If you mean that registries cannot just change things like Verisign
did with Sitefinder, I agree with that. But then we should totally
reformulate the problem. It is not about new services after all then,
is it?
> Now, focus is not Verisign and their wildcard service but how ICANN will
> act in response to some future business actions of Registry/rars.
This is then mere theory. Please, give examples. Nobody introduces a
new law, or new rules, unless it is clear what they are attempting to
accomplish, in this case to avoid, counter, fight.
> In Carthage workshop on wildcard service, I felt that wild card service is
> not an easy challenge. Now, Technical Advisory Committee's official
> position is that they are still analyzing that. And one other problem is
> that at least 18 or more ccTLDs have already been using wildcard service.
> If necessary, the accusation of wildcard service and Versign should be
> separately raised and discussed. Anyway, in my thinking, Council
> discussion is not directly challenging Verisign but dealing with ICANN's
> reguation issue.
So the real question is:
Given the division of responisibilities between registries and
registrars (an unfortunate division grown from the need to break a
monopoly), what procedures should be in place to
monitor/approve/counter changes in their service behaviour of
registries?
And for the future: Should we not give up the registry/registrar
model? If there are 30, 60, 90 general, open TLDs, each run by a
registry/registrar, the market can, finally, decide. I think the
present problem is a child of this registry/registrar model to which
ICANN so far has adhered (even for small sTLDs like .museum).
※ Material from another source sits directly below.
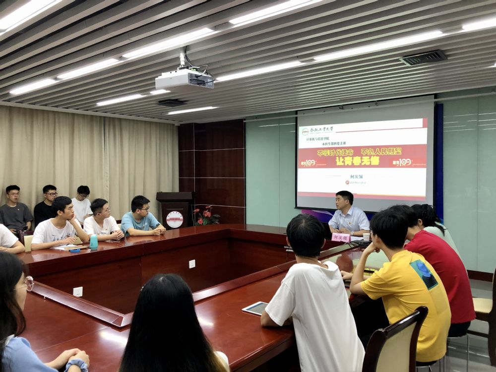 为迎接建党100周年,扎实开展党史学习教育,落实合肥工业大学《关于党员领导干部联系基层党支部工作的通知》要求。6月28日19点在翡翠科教楼A1106会议室,资产经营有限公司纪委书记、副总经理何庆领深入学院本科生第四党支部开展联学导学。

I make part of my living in a university by making researchers fill
out lots of forms about how much they publish, what trips they make,
and checking and controlling that. But I believe that it would be much
more productive to give each of these researchers the money, and see
after two or three years, whether they've come up with something that
is a success. Yes, I should be looking for another job. I am. But
that is not the point. The point is that you cannot stiffle the
internet by bureaucratic procedures like the ones that will surely
emanate from this PDP. It is no more than creating jobs @icann.